3. “What did you (the interviewee) think, feel, or want to do in the situation?” […] 4. “What did you actually do or say?” […]

5. “What was the outcome? What happened?” (Spencer, Spencer, 1993, p. 124).

Il numero ideale di racconti (“incidenti critici”) è sei, ripartito tra “high or success incidents e low or failure incidents” avvenuti negli ultimi dodici – diciotto mesi; tuttavia quattro racconti per una durata complessiva di novanta – centoventi minuti sono già un buon riferimento per identificare le competenze possedute.

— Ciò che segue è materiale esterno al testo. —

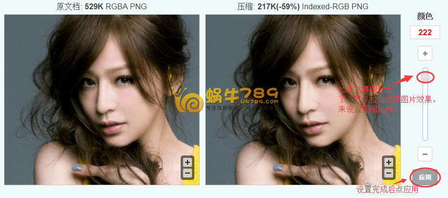 3、如果觉得系统自动压缩的比例不符合心意,可以在图片对比栏“拉动滚动条”来设置压缩图片效果,达到自己可以接受的图片大小。滚动条拉到合适位置后,记得点击“应用”,否则你点“合并”下载的图片效果是系统默认的,不是自己设置的效果。(注意:下图人物图片来自百度图片搜索,如有异议,请及时联系删除。)
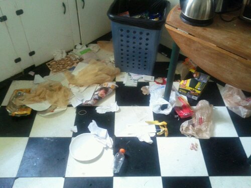I ran upstairs for a minute to get something and this is what I came back to. Bad dog..very bad dog. I mean what is this all about. Sigh....very out of character for Maggie. Not sure what is with her lately.

A partire dall’intervista comportamentale, le competenze possono essere rilevate in vario modo, semplicemente osservandone la presenza o l’assenza oppure valutando la frequenza e il livello con i quali la competenza si manifesta durante i racconti dell’intervistato: «i dati più durevolmente utilizzabili per le decisioni di valutazione si ottengono calcolando per ciascuna competenza la media dei livelli più elevati codificati in tre episodi diversi» (Spencer, Spencer, 1993; trad. it., p. 225).

Nel caso in cui gli analisti siano più di uno, occorre ricorrere a metodologie statistiche che indichino il livello di affidabilità (ovvero di concordanza) tra valutatori diversi15.

Quest’ultima fase di codifica è la più difficile e la più delicata perché porta alla formalizzazione delle competenze possedute da un soggetto. I “dizionari di competenze” possono efficacemente supportare questa fase attraverso un elenco di competenze (statisticamente validate) riconducibili a determinati comportamenti dimostrati. Nel caso in cui però si osservino dei comportamenti (e delle competenze) non codificati nel dizionario utilizzato occorrerà ampliare lo stesso in base ai nuovi risultati emersi.